After dinner they started off for a ramble through the fields, and Mrs Greenow and Mr Cheesacre were together. I think that Charlie Fairstairs did not go with them at all. I think she went into the house and washed her face, and brushed her hair, and settled her muslin. I should not wonder if she took off her frock and ironed it again. Captain Bellfield, I know, went with Alice, and created some astonishment by assuring her that he fully meant to correct the error of his ways. “I know what it is,” he said, “to be connected with such a family as yours, Miss Vavasor.” He too had heard about the future duchess, and wished to be on his best behaviour. Kate fell to the lot of the parson.
“This is the last time we shall ever be together in this way,” said the widow to her friend.
“Oh, no,” said Cheesacre; “I hope not.”
“The last time. On Wednesday I become Mrs Bellfield, and I need hardly say that I have many things to think of before that; but Mr Cheesacre, I hope we are not to be strangers hereafter?” Mr Cheesacre said that he hoped not. Oileymead would always be open to Captain and Mrs Bellfield.
“We all know your hospitality,” said she; “it is not to-day nor tomorrow that I or my husband,—that is to be,—will have to learn that. He always declares that you are the very beau ideal of an English country gentleman.”
“Merely a poor Norfolk farmer,” said Cheesacre. “I never want to put myself beyond my own place. There has been some talk about the Commission of the Peace, but I don’t think anything of it.”

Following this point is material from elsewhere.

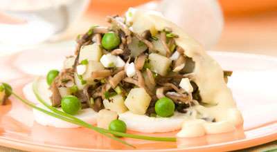 Грибы нарежьте соломкой, обжарьте на масле. Картофель нарежьте мелкими кубиками. Лук мелко порубите. Яйца порежьте кружочками и выложите на тарелку. Картофель соедините с грибами, зелёным горошком, яйцом и луком. Салат выложите горкой на кружочки яиц, полейте майонезом и посыпьте рубленым зелёным луком.

“It has been the greatest blessing in the world for him that he has ever known you,” said Mrs Greenow, still talking about her future husband.
“I’ve tried to be goodnatured; that’s all. D–––– me, Mrs Greenow, what’s the use of living if one doesn’t try to be goodnatured? There isn’t a better fellow than Bellfield living. He and I ran for the same plate, and he has won it. He’s a lucky fellow, and I don’t begrudge him his luck.”
“That’s so manly of you, Mr Cheesacre! But, indeed, the plate you speak of was not worth your running for.”
“I may have my own opinion about that, you know.”
“It was not. Nobody knows that as well as I do, or could have thought over the whole matter so often. I know very well what my mission is in life. The mistress of your house, Mr Cheesacre, should not be any man’s widow.”
“She wouldn’t be a widow then, you know.”
“A virgin heart should be yours; and a virgin heart may be yours, if you choose to accept it.”
“Oh, bother!”
“If you choose to take my solicitude on your behalf in that way, of course I have done. You were good enough to say just now that you wished to see me and my husband in your hospitable halls. After all that has passed, do you think that I could be a visitor at your house unless there is a mistress there?”
“Upon my word, I think you might.”
“No, Mr Cheesacre; certainly not. For all our sakes, I should decline. But if you were married—”
“You are always wanting to marry me, Mrs Greenow.”
“I do, I do. It is the only way in which there can be any friendship between us, and not for worlds would I lose that advantage for my husband,—let alone what I may feel for myself.”
“Why didn’t you take me yourself, Mrs Greenow?”